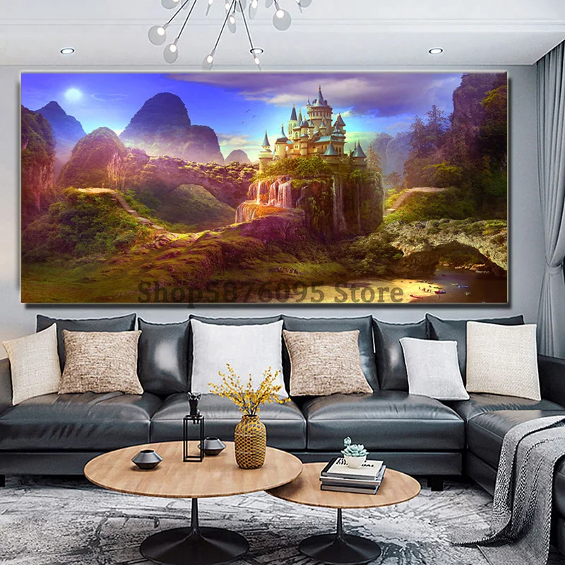 Фэнтези Замок DIY 5D алмазная живопись Сказочный пейзаж Набор для вышивки крестиком фотография TT5980
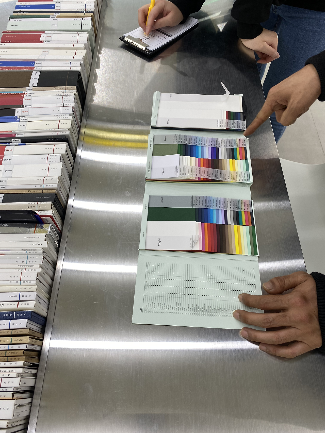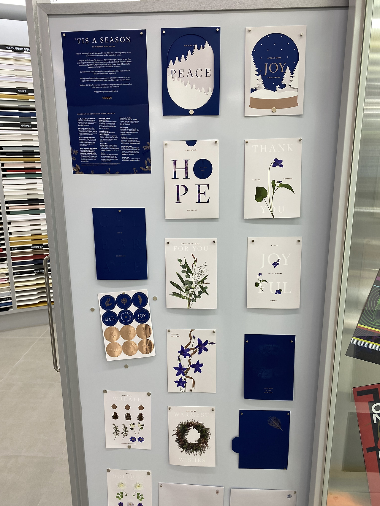 전시된 다양한 샘플들을 보니 잠들어있던 디자인 욕구가 다시금 솟구쳐 오르는 것 같다. 진열된 샘플 말고도 마치 디자인 박물관에 온 것처럼 구석구석 다양한 유형의 전시물들이 눈에 띄는데 삼원특수지의 전문 디자이너들이 주기적으로 직접 큐레이팅을 한다. 때마침 나도 올해 진행하고 있는 이 ‘취향의 정원’ 프로젝트 포스터를 제작 중인데 완성되면 이곳에서 세상에 하나뿐인 나만의 근사한 포스터를 인쇄를 해보리라 다짐해 본다.
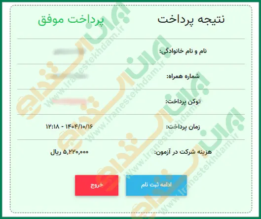 پس از پرداخت هزینه، به سایت مجری آزمون منتقل شده و پیغام پرداخت موفق نمایش داده میشود. در ادامه باید روی دکمه "ادامه ثبت نام" کلیک نمایید.
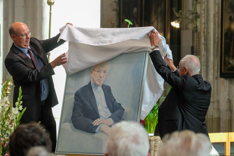 Son portrait, peint par Jan Vanriet, a ensuite été officiellement dévoilé et l’artiste Stéphane Terlinden a offert au cardinal, en guise de cadeau d’adieu, une œuvre en céramique sur sa vie. Le cardinal Jozef De Kesel a chaleureusement remercié sa famille et tous les collaborateurs qui l’ont assisté au cours de sa longue carrière.
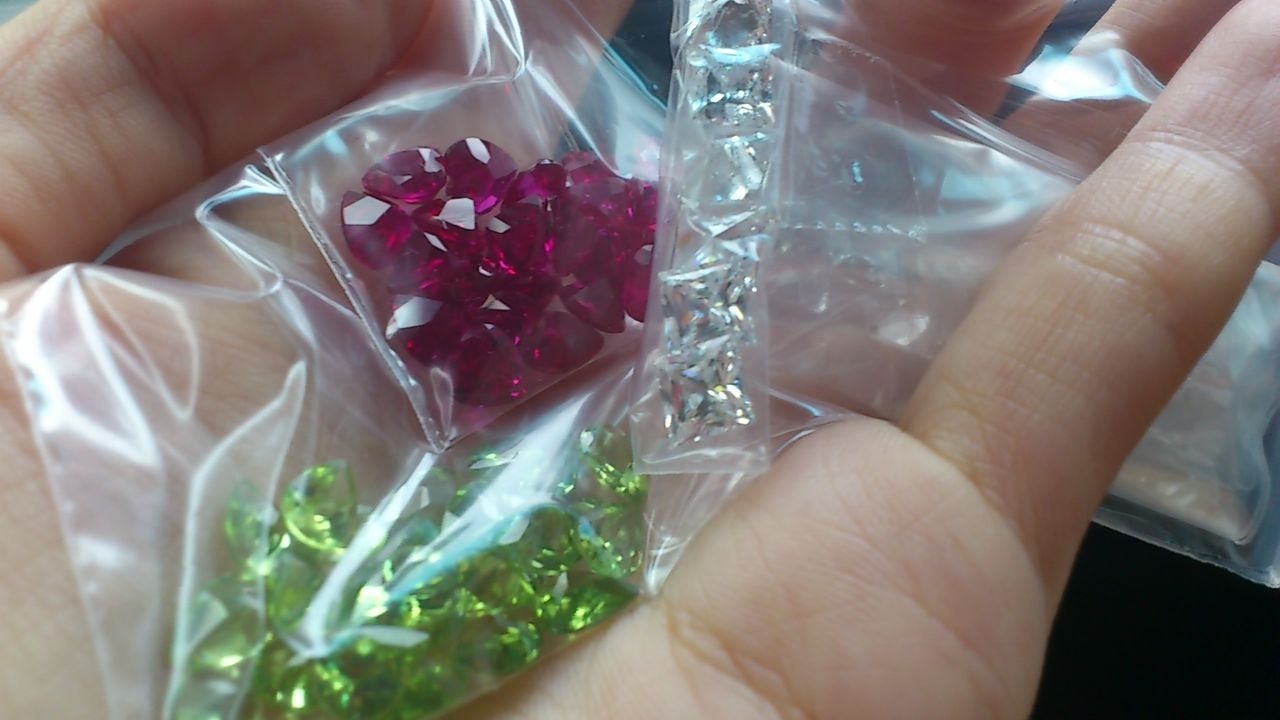 そして、こちらはキュービックジルコニアに合成ルビーとペリドット。
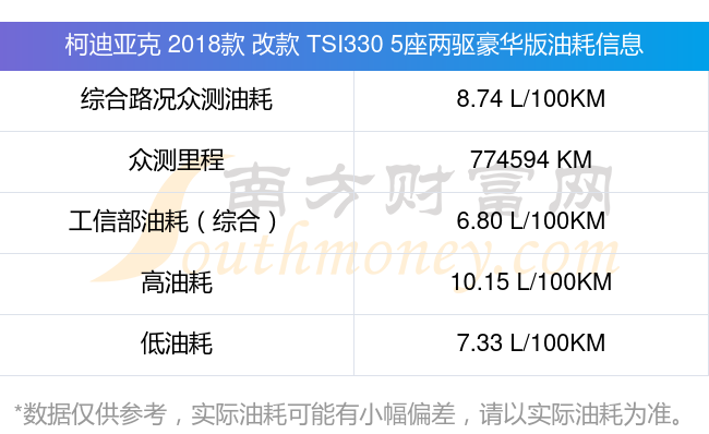 數(shù)據(jù)僅供參考,一般現(xiàn)實(shí)油耗與測試值會有差異,請以實(shí)際油耗為準(zhǔn)。
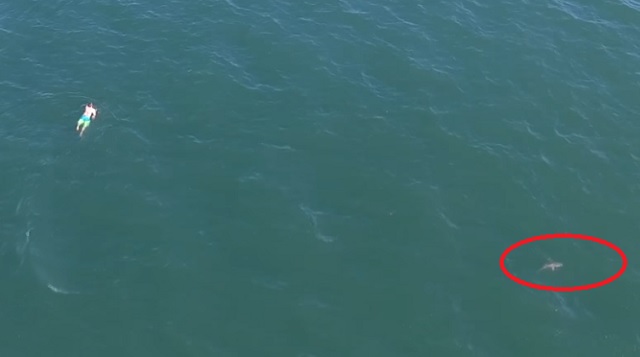 Un dron que grababa captó incluso que el hombre estuvo nadando junto a un tiburón sin darse cuenta.
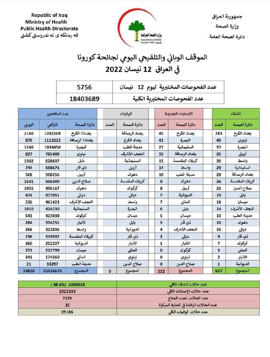 أعلنت وزارة الصحة، اليوم الثلاثاء، الموقف الوبائي لجائحة كورونا في عموم العراق.
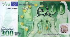 The notes come in 300, 600 and 1,000 euro denominations and have a ring of 12 hearts instead of the usual EU stars. They prominently feature big-breasted nude women and hunky men on a background similar to the real bills.
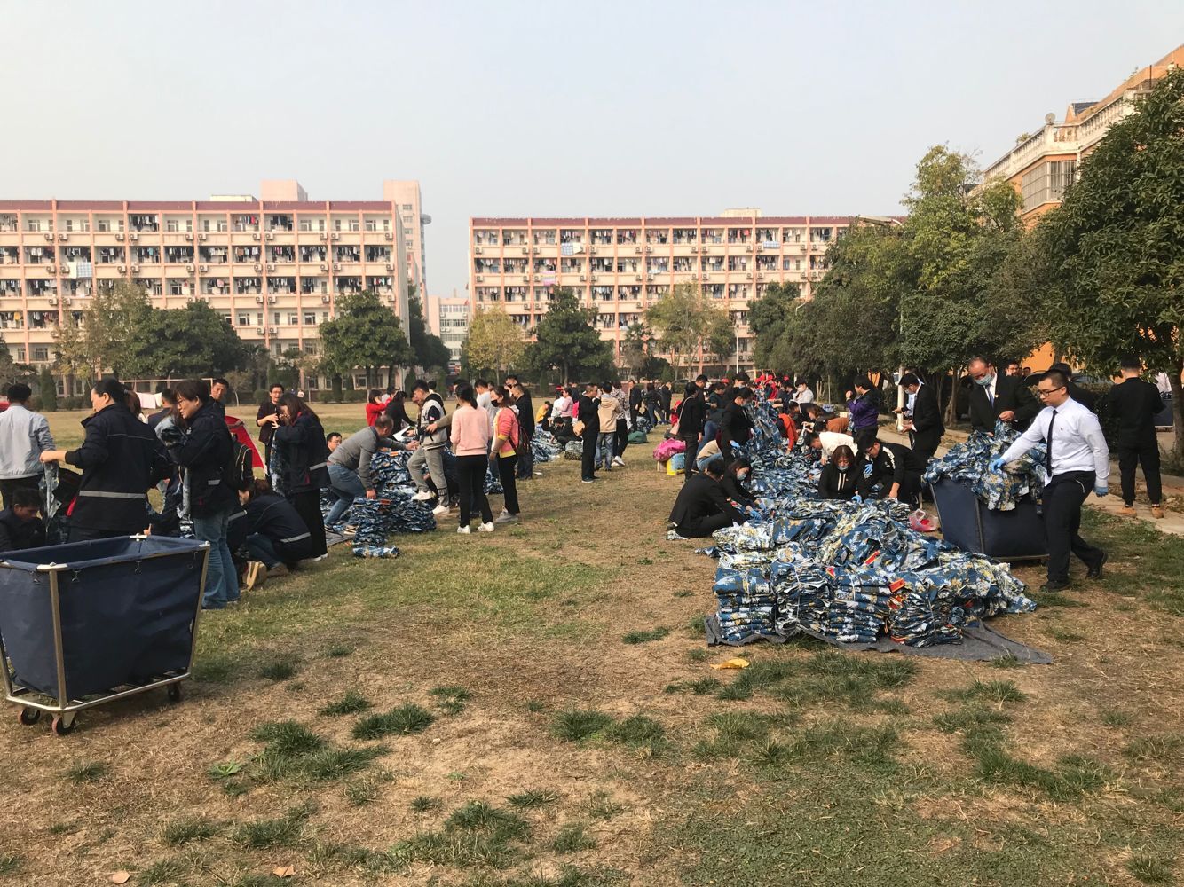 本次志愿服務(wù)主要為衣物分揀、疊衣服、打包等內(nèi)容,主要是為配合安徽財(cái)經(jīng)大學(xué)新生軍訓(xùn)作訓(xùn)服捐獻(xiàn)給我市建筑一線工人兄弟們而開展。待捐贈(zèng)的作訓(xùn)服共4367套13000余件,全部經(jīng)過了清洗、晾曬、消毒;顒(dòng)中,黨員志愿者們來到安徽財(cái)經(jīng)大學(xué)龍湖西校區(qū)中心洗衣房,200余名黨員分為5個(gè)小組,相互配合,衣服運(yùn)輸、分揀、疊衣、打包有序開展。經(jīng)過一個(gè)下午努力,4367套13000余件衣物整理完畢,打包裝車并運(yùn)往指定地點(diǎn)。
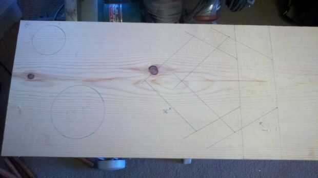 Siguiente fue la parte de trabajo de madera. Tengo que admitir - engañé un poco aquí, ya he utilizado algunas de mis viejas herramientas de redacción para diseñar la forma de Pentágono. Tomé una "T"-Plaza Vieja y a 45 grados y un triángulo de 30/60 grados para dibujar la forma. Utilicé una escala de 4" para las mediciones iniciales. Para los círculos, no puedo recordar lo que trazado alrededor, pero eran envases redondos de algo o otro. Estoy casi seguro de que el diseño de badajo fue extraído de la parte inferior de una lata de sopa...
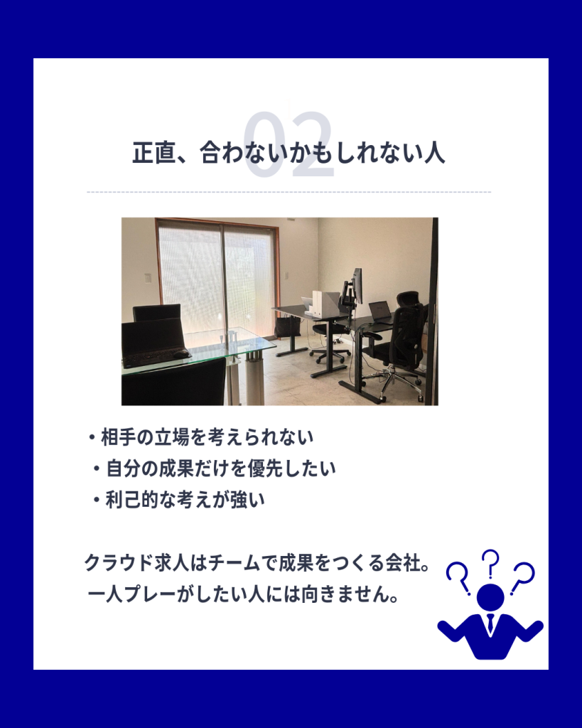 「判断・提案一人で任される仕事」よりチームで進める前提のポジションです。
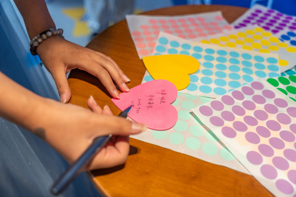 将青春折成一只纸船,可以放置幸福。精致的纸艺留言墙上,贴满了彩色便签:“想听校长聊童年的梦想”“期待找到志同道合的伙伴”“希望有人为我填空幸福”……这些未说出口的心声,早已被温柔地接住。
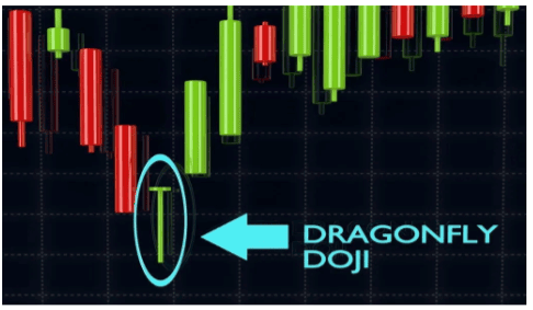 In the context of a downturn in prices, as depicted above, a Dragonfly Doji signals a bullish reversal of the prevailing trend.
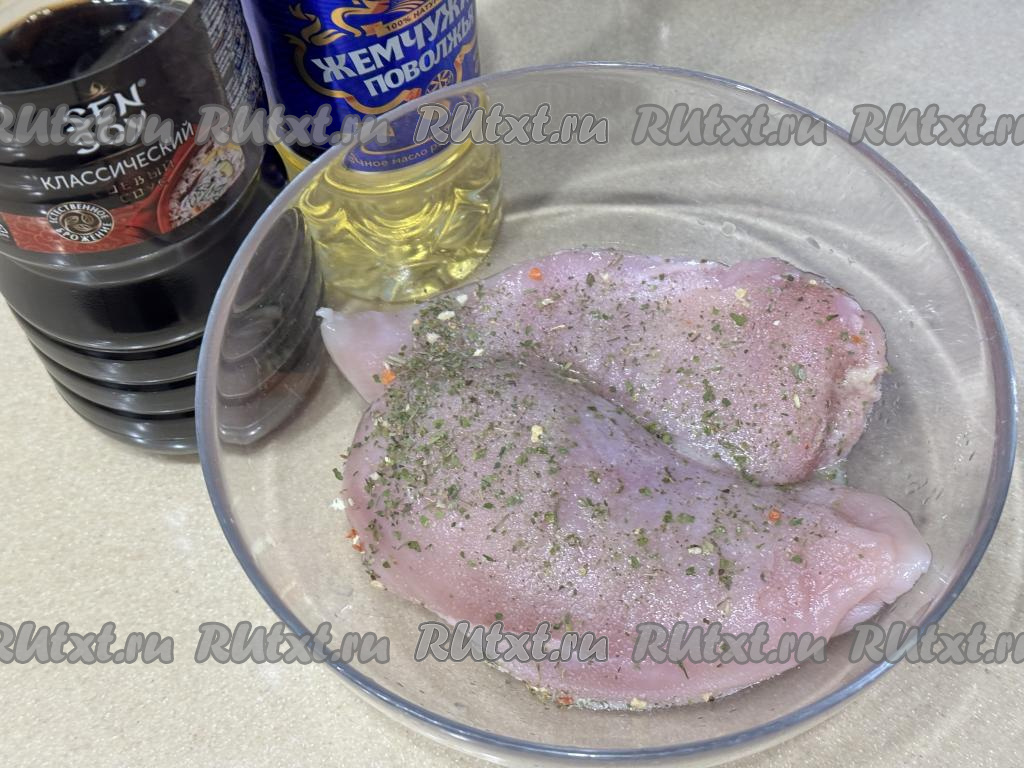 Я в качестве специй использовала пряную соль с чесноком. Филе будет в дальнейшем мариноваться в соевом соусе, а он достаточно солёный, поэтому, если будете использовать набор специй, в составе которых есть соль, добавляйте их немного (не более крупной щепотки). Если же будете использовать классические специи, в составе которых нет соли, тогда можно соль вовсе не добавлять или добавить её совсем немного, обязательно учитывая степень солёности соевого соуса, с которым вы готовите.
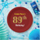 Este simples, personalizado, design de placa de papel com tema de aniversário apresenta uma mensagem personalizável, como "89º Aniversário do Nome Personalizado!", onde o nome pode ser alterado, e com o "89º" com uma aparência falsa/imitada em forma de ouro. Ele também apresenta um fundo de cor vermelha. Chapas de papel como estas poderiam talvez ser usadas numa festa que está a ser realizada para celebrar o oitenta e nono aniversário de alguém. [~Z0000144]
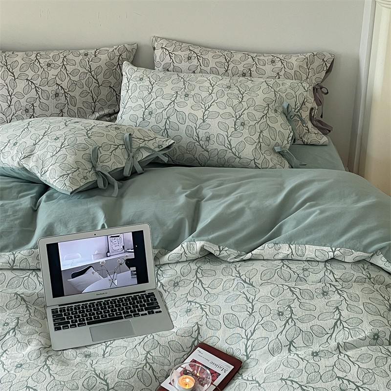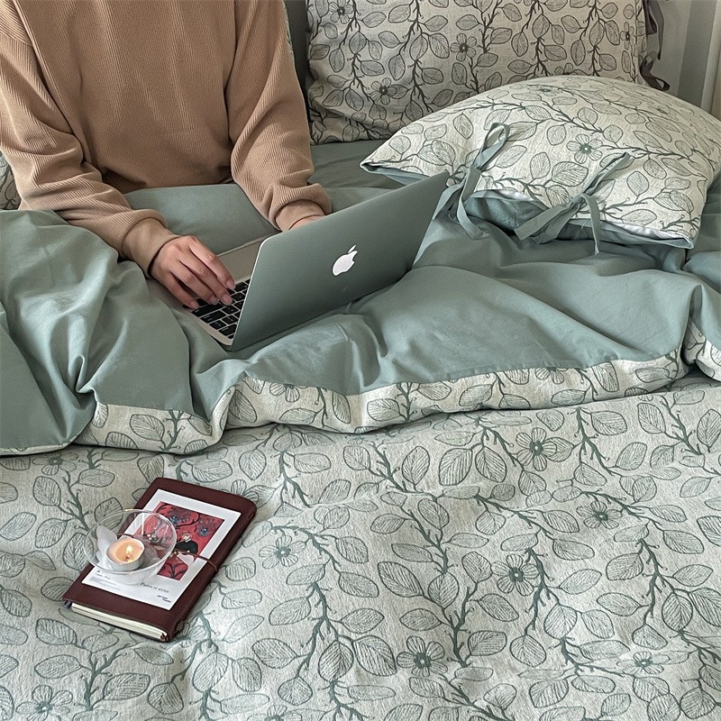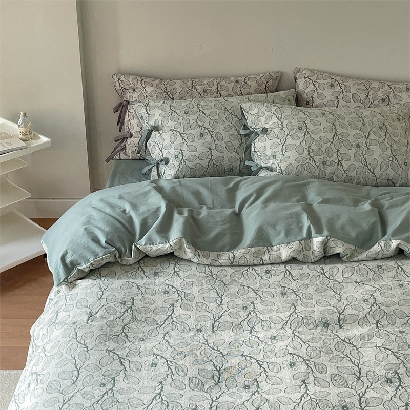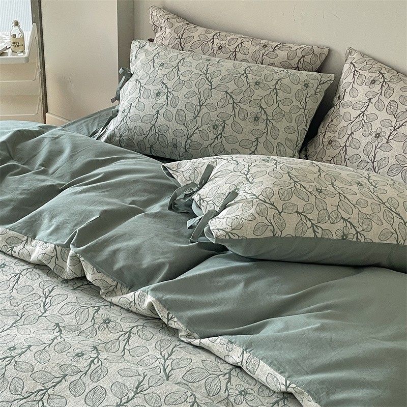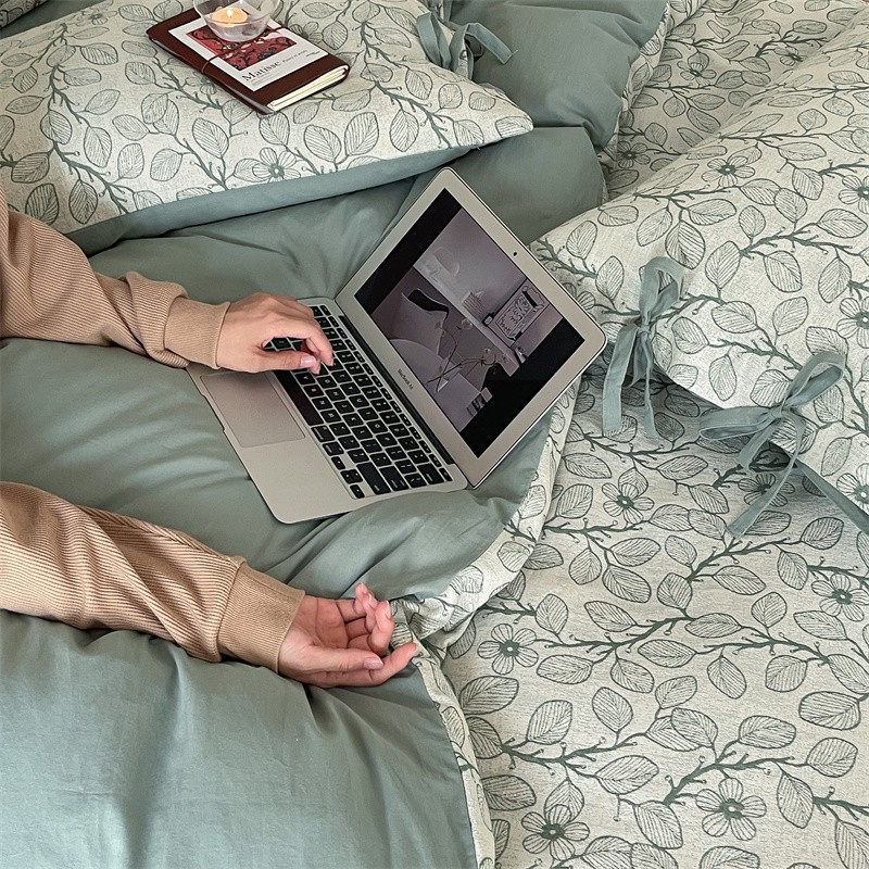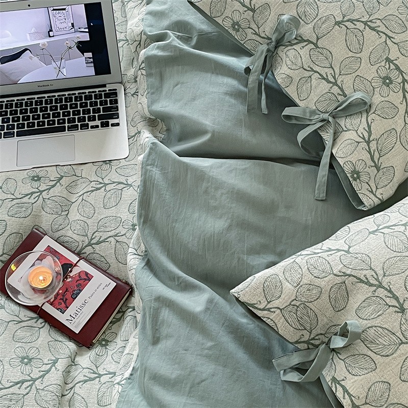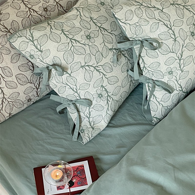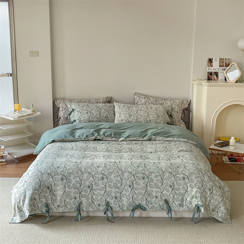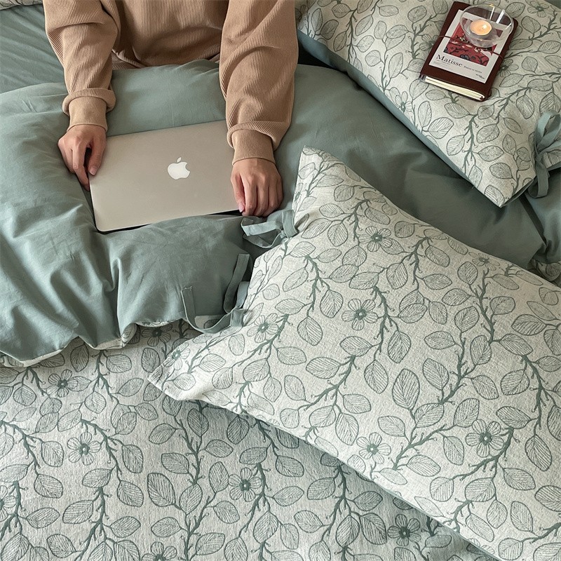 商品名称:华超针织 2022新款色织空气感大提花四件套-绑带款 原野 绑带款

★ ★ ★ ★ ★ ★ ★

# DESCRIPTION OF THE TASK
Nothing should appear in the answer except the lines from the first line of the data through the line holding "本次志愿服務(wù)主要為衣", exactly as written, with pictures left out.

# OUTPUT FOR THIS TASK
 Фэнтези Замок DIY 5D алмазная живопись Сказочный пейзаж Набор для вышивки крестиком фотография TT5980
 전시된 다양한 샘플들을 보니 잠들어있던 디자인 욕구가 다시금 솟구쳐 오르는 것 같다. 진열된 샘플 말고도 마치 디자인 박물관에 온 것처럼 구석구석 다양한 유형의 전시물들이 눈에 띄는데 삼원특수지의 전문 디자이너들이 주기적으로 직접 큐레이팅을 한다. 때마침 나도 올해 진행하고 있는 이 ‘취향의 정원’ 프로젝트 포스터를 제작 중인데 완성되면 이곳에서 세상에 하나뿐인 나만의 근사한 포스터를 인쇄를 해보리라 다짐해 본다.
 پس از پرداخت هزینه، به سایت مجری آزمون منتقل شده و پیغام پرداخت موفق نمایش داده میشود. در ادامه باید روی دکمه "ادامه ثبت نام" کلیک نمایید.
 Son portrait, peint par Jan Vanriet, a ensuite été officiellement dévoilé et l’artiste Stéphane Terlinden a offert au cardinal, en guise de cadeau d’adieu, une œuvre en céramique sur sa vie. Le cardinal Jozef De Kesel a chaleureusement remercié sa famille et tous les collaborateurs qui l’ont assisté au cours de sa longue carrière.
 そして、こちらはキュービックジルコニアに合成ルビーとペリドット。
 數(shù)據(jù)僅供參考,一般現(xiàn)實(shí)油耗與測試值會有差異,請以實(shí)際油耗為準(zhǔn)。
 Un dron que grababa captó incluso que el hombre estuvo nadando junto a un tiburón sin darse cuenta.
 أعلنت وزارة الصحة، اليوم الثلاثاء، الموقف الوبائي لجائحة كورونا في عموم العراق.
 The notes come in 300, 600 and 1,000 euro denominations and have a ring of 12 hearts instead of the usual EU stars. They prominently feature big-breasted nude women and hunky men on a background similar to the real bills.
 本次志愿服務(wù)主要為衣物分揀、疊衣服、打包等內(nèi)容,主要是為配合安徽財(cái)經(jīng)大學(xué)新生軍訓(xùn)作訓(xùn)服捐獻(xiàn)給我市建筑一線工人兄弟們而開展。待捐贈(zèng)的作訓(xùn)服共4367套13000余件,全部經(jīng)過了清洗、晾曬、消毒;顒(dòng)中,黨員志愿者們來到安徽財(cái)經(jīng)大學(xué)龍湖西校區(qū)中心洗衣房,200余名黨員分為5個(gè)小組,相互配合,衣服運(yùn)輸、分揀、疊衣、打包有序開展。經(jīng)過一個(gè)下午努力,4367套13000余件衣物整理完畢,打包裝車并運(yùn)往指定地點(diǎn)。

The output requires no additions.